::: GIVEN ENTRIES :::

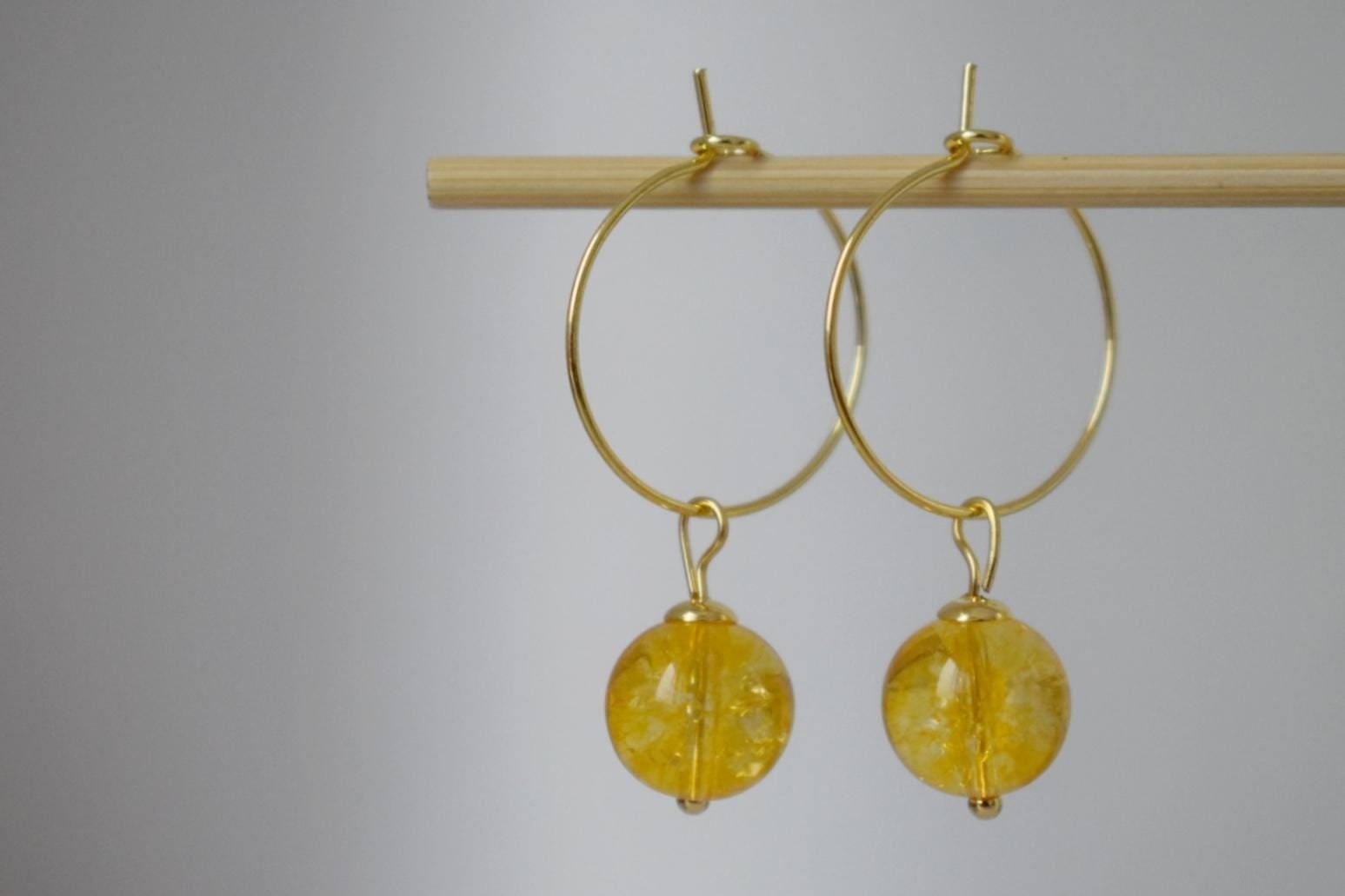 Artikeldetails Wunderschöne, schlichte und elegante, aber stilvolle Citrin-Creolen mit Edelsteinperlen
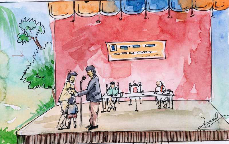 సభలో ఆయన కున్నిముత్తు వాళ్ళ నాన్న గురించి చాలా గొప్పగా మాట్లాడాడు. "పాపం, బాబు చాలా చిన్నగా ఉన్నప్పుడు వాళ్ళ అమ్మ పోయింది. అప్పటి నుండి అన్నీ తనే అయి బాబును చాలా బాగా పెంచాడు. దాని కోసం చాలా కష్టపడ్డాడు. ఆయన చాలా గొప్ప మనిషి. కున్నిముత్తును టీచర్ల కంటే అతనే ఎక్కువ చదివించాడు..." ఇలా చెప్పేసరికి అందరికీ ఆశ్చర్యమయింది. అతనికీ నోట మాట రాలేదు. కలెక్టరుగారు అతన్ని పూల మాల వేసి అభినందించారు. దీంతో కున్నిముత్తు వాళ్ల నాన్న సిగ్గుతో కుంచించుకుపోయాడు. పూర్తిగా మారి-పోయాడు.
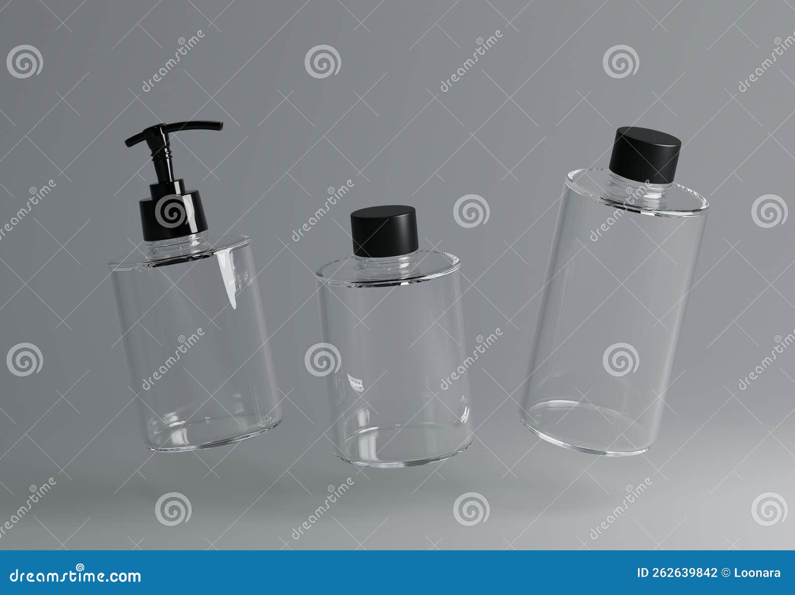 Three Different Clear Plastic Cosmetic Product Floating Bottles Set Template on Gray Background
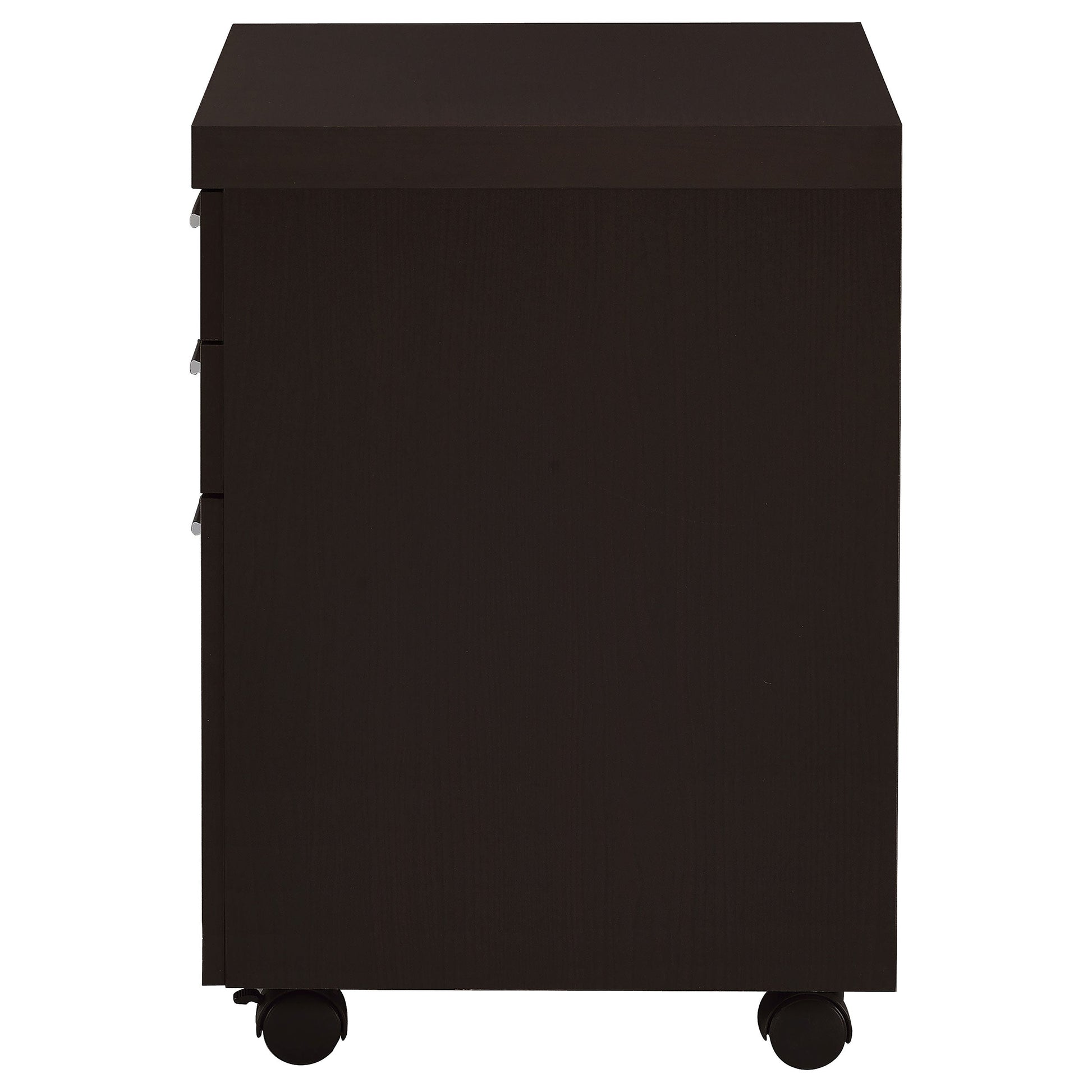 Organize files in style. This mobile file cabinet offers plenty of room to store documents in a desk configuration. With a gorgeous cappuccino finish, it brings a stylish look to a home or business office. Silver hardware pads its modern appeal. Built-in casters and a storage drawer expand the functionality of this mobile file cabinet.
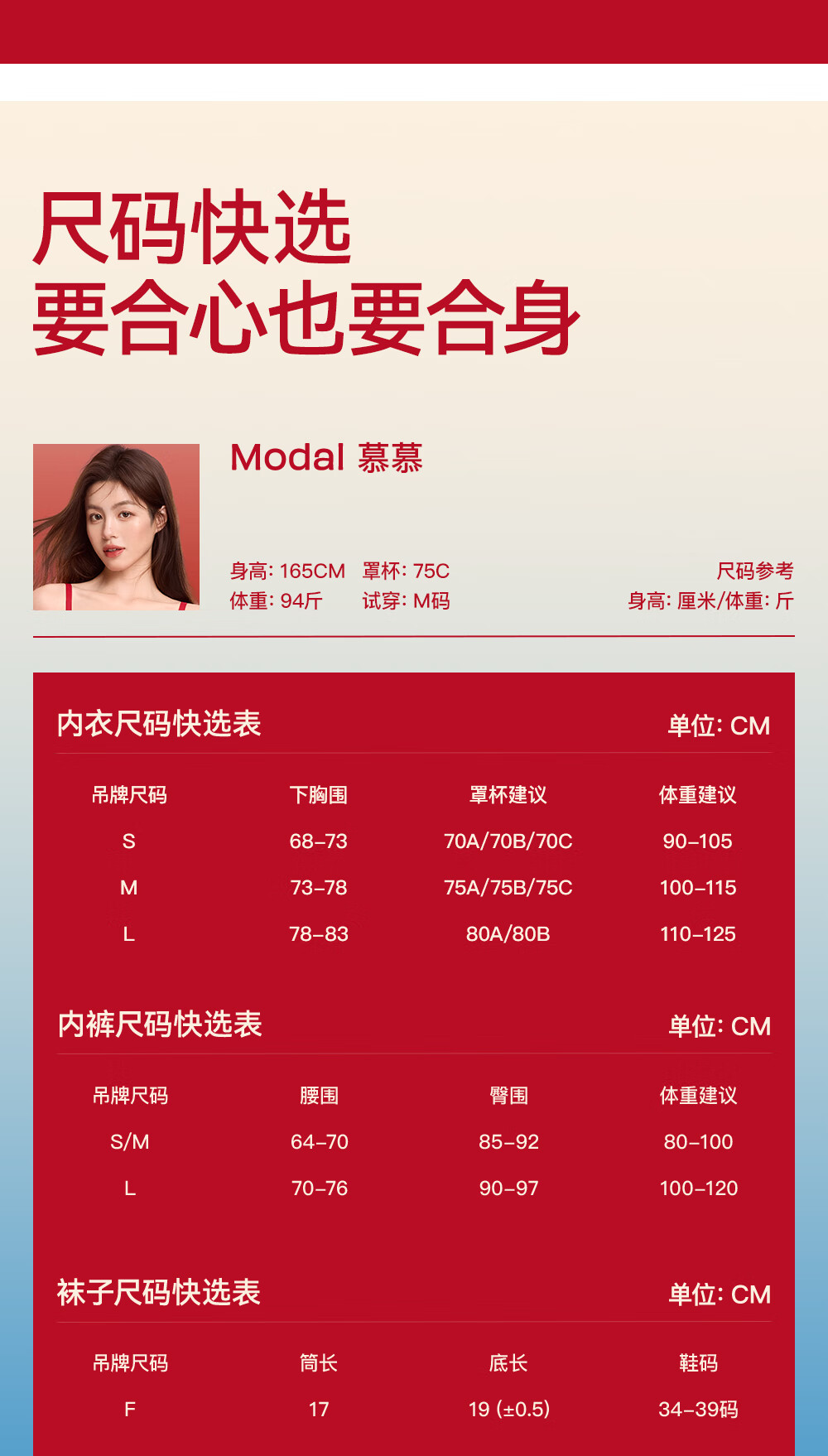 China (cm) 160-165/84-86 165-170 / 88-90 167-172 / 92-96 168-173 / 98-102 170-176 / 106-110
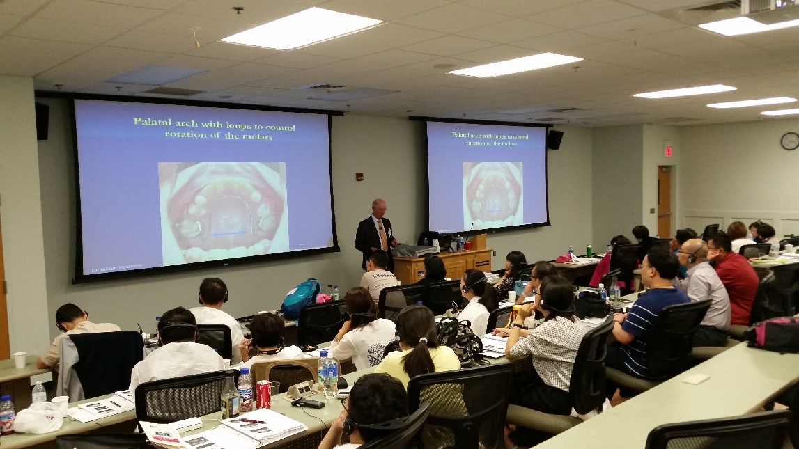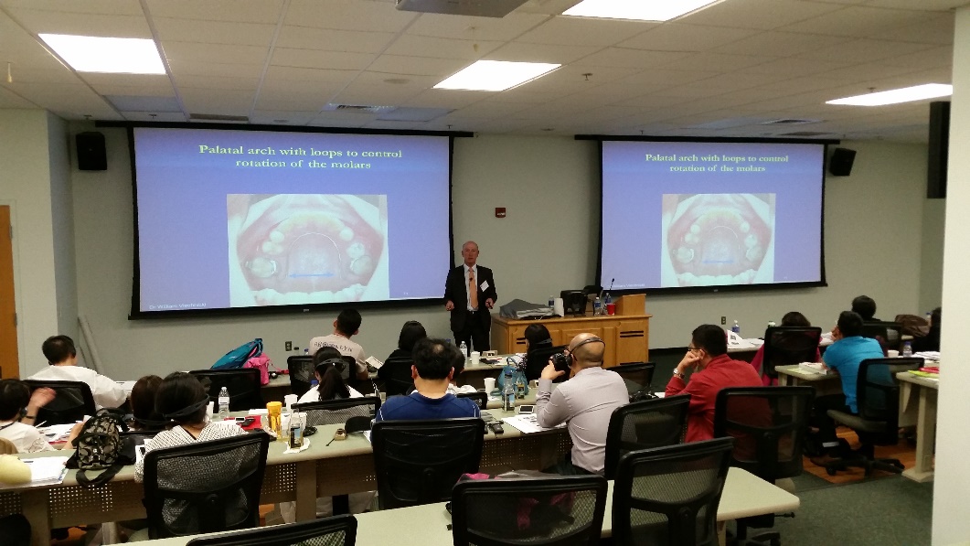此次美国天普大学正畸高级研修课程最大的亮点是授课讲师全部为美国正畸专业委员会认证的天普大学正畸教授,培训内容采用美国住院医师培养课程,涉及了许多正畸领域的发展前沿,并融入了美国正畸医生的治疗理念及临床应用。作为正畸医生,我们都知道,现代口腔正畸学发源于美国,从活动矫治到目前风靡全球的无托槽隐形矫治,美国正畸的发展一直引领着全世界正畸的发展。近三十年来,正畸各项矫治技术在我国百花齐放、百家争鸣。但是,在中国,正畸医生的很多理念和临床技术还有待提高。因此,我国正畸医生有幸在国内聆听到原汁原味的美国正畸医师培训课程,并实地去美国著名大学参观、学习临床专业培训,是难得一遇的好机会。去年11月份,天普大学正畸科的四位资深教授历经18个小时的奔波,来到了位于北京金融街的威斯汀大酒店,为来自我国五湖四海的三十五位医生进行了连续5天的头脑风暴。从系统性正畸诊断策略到成人疑难错颌正畸治疗,从青少年咬合诱导到功能矫治器设计和改良,紧凑而实用的课程,让大家深刻的体会到美国正畸临床治疗的专业性和系统性。
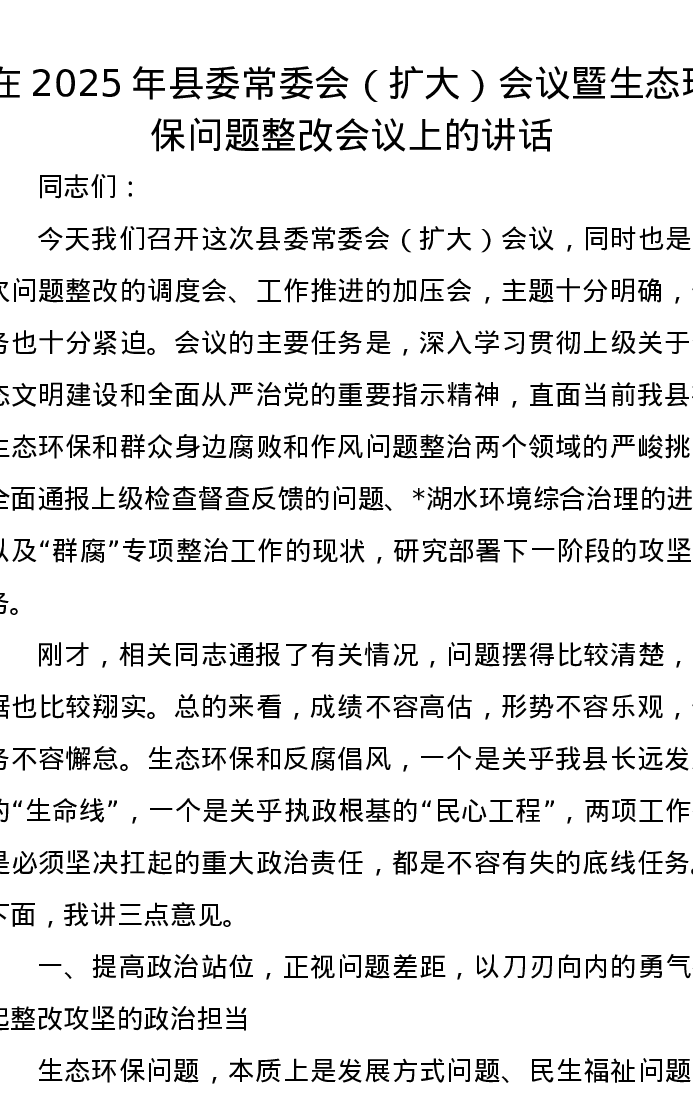 在2025年县委常委会(扩大)会议暨生态环保问题整改会议上的讲话

:::

**WHAT THIS TASK INVOLVES:** None of the pictures belongs in the answer, but all the entries must be repeated exactly.

**ANSWER TO THE EXERCISE:**
 Artikeldetails Wunderschöne, schlichte und elegante, aber stilvolle Citrin-Creolen mit Edelsteinperlen
 సభలో ఆయన కున్నిముత్తు వాళ్ళ నాన్న గురించి చాలా గొప్పగా మాట్లాడాడు. "పాపం, బాబు చాలా చిన్నగా ఉన్నప్పుడు వాళ్ళ అమ్మ పోయింది. అప్పటి నుండి అన్నీ తనే అయి బాబును చాలా బాగా పెంచాడు. దాని కోసం చాలా కష్టపడ్డాడు. ఆయన చాలా గొప్ప మనిషి. కున్నిముత్తును టీచర్ల కంటే అతనే ఎక్కువ చదివించాడు..." ఇలా చెప్పేసరికి అందరికీ ఆశ్చర్యమయింది. అతనికీ నోట మాట రాలేదు. కలెక్టరుగారు అతన్ని పూల మాల వేసి అభినందించారు. దీంతో కున్నిముత్తు వాళ్ల నాన్న సిగ్గుతో కుంచించుకుపోయాడు. పూర్తిగా మారి-పోయాడు.
 Three Different Clear Plastic Cosmetic Product Floating Bottles Set Template on Gray Background
 Organize files in style. This mobile file cabinet offers plenty of room to store documents in a desk configuration. With a gorgeous cappuccino finish, it brings a stylish look to a home or business office. Silver hardware pads its modern appeal. Built-in casters and a storage drawer expand the functionality of this mobile file cabinet.
 China (cm) 160-165/84-86 165-170 / 88-90 167-172 / 92-96 168-173 / 98-102 170-176 / 106-110
此次美国天普大学正畸高级研修课程最大的亮点是授课讲师全部为美国正畸专业委员会认证的天普大学正畸教授,培训内容采用美国住院医师培养课程,涉及了许多正畸领域的发展前沿,并融入了美国正畸医生的治疗理念及临床应用。作为正畸医生,我们都知道,现代口腔正畸学发源于美国,从活动矫治到目前风靡全球的无托槽隐形矫治,美国正畸的发展一直引领着全世界正畸的发展。近三十年来,正畸各项矫治技术在我国百花齐放、百家争鸣。但是,在中国,正畸医生的很多理念和临床技术还有待提高。因此,我国正畸医生有幸在国内聆听到原汁原味的美国正畸医师培训课程,并实地去美国著名大学参观、学习临床专业培训,是难得一遇的好机会。去年11月份,天普大学正畸科的四位资深教授历经18个小时的奔波,来到了位于北京金融街的威斯汀大酒店,为来自我国五湖四海的三十五位医生进行了连续5天的头脑风暴。从系统性正畸诊断策略到成人疑难错颌正畸治疗,从青少年咬合诱导到功能矫治器设计和改良,紧凑而实用的课程,让大家深刻的体会到美国正畸临床治疗的专业性和系统性。
 在2025年县委常委会(扩大)会议暨生态环保问题整改会议上的讲话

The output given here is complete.